Venezuela’s Oil Industry Leaves Polluted Legacy
In Venezuela is Lake Maracaibo, the largest lake in the South America. It covers around 13,210 square kilometres and is not actually a lake as it is connected to the Gulf of Venezuela by the Tablazo Strait. The strait is 5.5 kilometres wide at the narrowest. The lake, which has brackish tidal waters, is one of the oldest lakes on Earth at an estimated age of 20-36 million years. The lake was once isolated and previously did not connect to the sea hence being a historic lake.
The very short term history of the lake has seen it been exploited for its oil wealth. It was in 1914 that the first oil well was sunk to exploit oil here. The region here grew rich and benefited the local population as well as Venezuela. More recently the situation has been reversed though mainly down to political mismanagement. Extraction of oil means the lake is gradually subsiding as the land settles into ground that once contained oil. This can cause localised flooding.

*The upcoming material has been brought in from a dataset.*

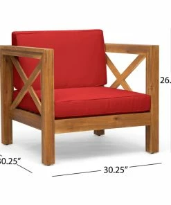 Wholesale ๐ GDFStudio Indira Outdoor Acacia Wood Club Chairs With Cushions, Set Of 2, Red โค๏ธ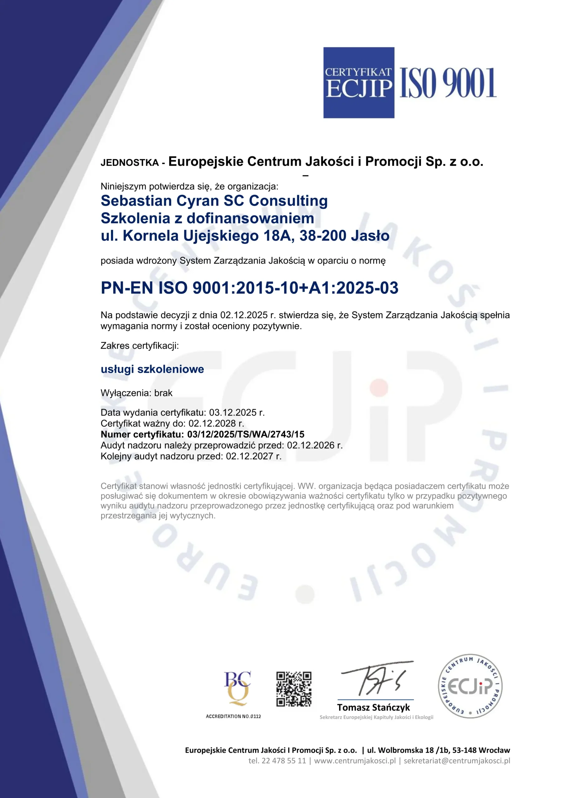 Wieloletni dyrektor zarządzający i członek zarządu spółek, odpowiedzialny za budowę procesów, rozwój zespołów, wdrażanie standardów jakości oraz projektowanie usług szkoleniowych. Od 2017 r. właściciel SC Consulting – firmy szkoleniowej posiadającej certyfikację PN-EN ISO 9001:2015+A1:2025, gwarantującą zgodność procesów z międzynarodowymi standardami jakości.

Recently the oil industry that had made Venezuela wealthy has declined with the near bankrupt state oil company PDVSA neglecting to maintain a network of underwater pipes that transport the oil. The result is “multiple spills, everywhere” according to the UK Times newspaper (17 March 2018). The oil spills are polluting Lake Maracaibo and affecting the fish within the bay. This also has an impact on people trying to fish for food as the Venezuelan economic crisis worsens as outlined below.
According to the article in Mongabay the 25,000 kilometres of pipelines have not been maintained since 2009. In July 2010 there was a major oil spill in the lake adding to the pollution (referred to in this Huffington Post article). Another, earlier, spill in 1997 saw 25 thousand barrels of oil released into the water. It took until 2015 to get compensation for that spill. Fish are contaminated and there are air quality issues caused by toxic fumes from the oil seeping from leaking pipelines. The pollution is not a new phenomenon and there have been incidents that have affected the water quality over many years from the 1930s. Since 1914 15,000 oil wells have been drilled in the lagoon. Many wells are abandoned now. Water is polluted with toxic deposits.
Lake Maracaibo once supported a healthy commercial fishing industry but today individuals risk the toxic pollution to get some food, if they are able to catch any fish at all. Commercial catches used to be around a tonne of fish per week. Today the catches rarely exceeds 300 kilograms. Sometimes the daily catch is less than 20 kilograms of fish. Once common commercial fish species such as Bocachico and shrimp have almost entirely disappeared in the lake area.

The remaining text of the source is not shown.